Chi non l'abbandona mai è invece il suo pubblico. Sono gli spettatori a darle la forza, il coraggio e la determinazione: spettatori che finiscono per sentirsi talmente parte della performance da trasformarsi essi stessi in opera d'arte. Sono loro che hanno fatto ore e ore di fila per partecipare a The artist is present al MoMA di NewYork (500mila visitatori, di cui ben 1.400 si sono seduti al tavolo dove lei è rimasta per 700 ore, senza muoversi, limitandosi a guardare); sono loro che sono corsi a salvarla dopo lo svenimento a causa della mancanza di ossigeno in Rhythm 5, dove stava sdraiata entro una stella di fuoco (era il 1974), o dal congelamento mentre era stesa su una croce di blocchi di ghiaccio (Lips of Thomas, 1975); sono loro quelli che nel 1977 a Bologna hanno attraversato i corpi nudi di Marina e di Ulay nello stretto ingresso della Galleria d' Arte Moderna.
A Napoli, era il 1975, Marina Abramović si consegnò invece letteralmente nelle loro mani come oggetto: mise su un tavolo 70 attrezzi che potevano essere usati a piacimento su di lei (c' erano anche delle lamette e una pistola carica). Tutto questo per sette ore: ci fu chi la toccò nelle parti intime, chi la ferì, chi le tagliò i vestiti; qualcuno le succhiò anche il sangue dal collo.
In quella stanza l' artista rischiò la morte e lo stupro, ma qualunque cosa accadeva lei lo accettava e lo subiva senza fare niente, nonostante il dolore.
Ecco, il dolore: quello che ha imparato a dominare e a trasformare in energia positiva illimitata nelle sue lunghe frequentazioni dello sciamanesimo e delle filosofie orientali. «Il dolore è un muro, straziante, insopportabile», sostiene, «ma chi riesce a trapassarlo accede a un diverso stato di consapevolezza». Lei si è fatta frustare a sangue; ha urlato fino a perdere la voce; ha stuzzicato un pitone che poi alla fine ha desistito ed è andato via; si è ferita giocando a colpire velocemente gli spazi tra un dito e l' altro della sua mano spalancata su un foglio bianco (Rythm 10, la sua prima performance nel 1973); è rimasta sei giorni seduta su una montagna di ossa putride, pulendole una per una, come a lavar via le atrocità della guerra nei suoi Balcani (con Balcan Baroque vinse il Leone d' oro alla Biennale di Venezia del 1997).

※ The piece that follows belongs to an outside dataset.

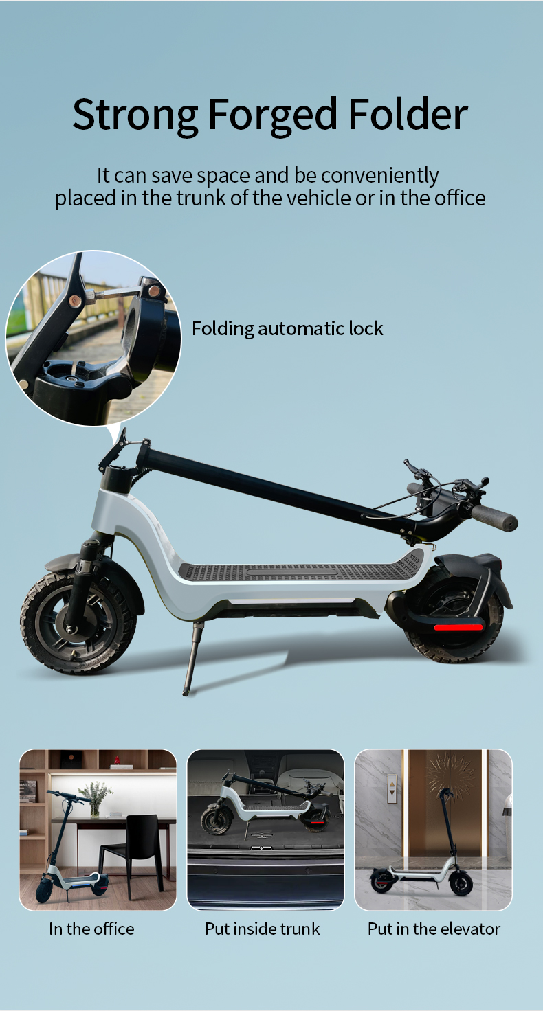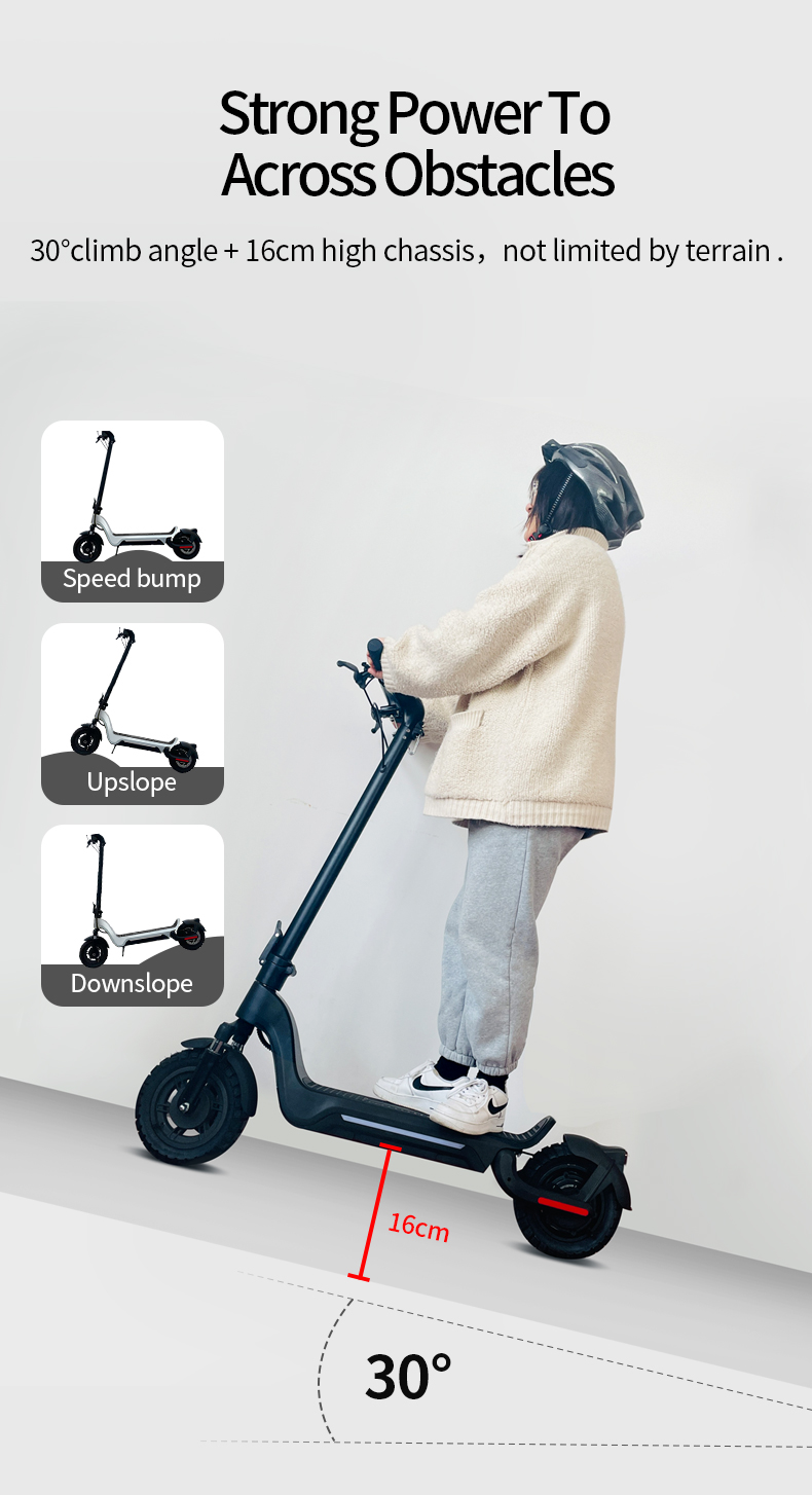 Monipuolinen, kokoontaitettava sähköpotkulauta päivittäiseen kaupunkiajoon ja hiekkateille. Tehokas 48V 600W takamoottori, 10-tuumaiset maastorenkaat ja etu- sekä takajousitus tekevät ajosta vakaata ja mukavaa myös epätasaisilla alustoilla.
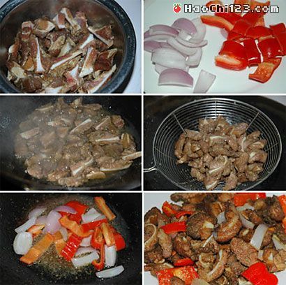 4.锅中留少量油,下入洋葱,红椒块炒至断生,倒入炸好的脆骨翻炒均匀起锅。

Del resto, la sopportazione del dolore l' aveva sperimentata fin da piccola. «Prima eroi di guerra, poi membri di rilievo del Partito, i miei genitori erano fissati con il coraggio, la disciplina marziale, la determinazione. Siccome ero terrorizzata dall' acqua, a sei anni mio padre mi buttò giù dalla barca e si allontanò a remi: a furia di bere e scalciare, imparai a tenermi a galla. Mia madre invece era ossessionata dall' ordine e dalla pulizia: la notte mi svegliava urlando, se dormivo scompigliando le coperte. E al minimo sgarro mi picchiava fino a farmi blu», racconta l' Abramovic, ammettendo che «quei maltrattamenti mi hanno fatto diventare quel che sono. Devo il mio successo a quelle regole umilianti, alle pene fisiche, allo spauracchio di mia madre».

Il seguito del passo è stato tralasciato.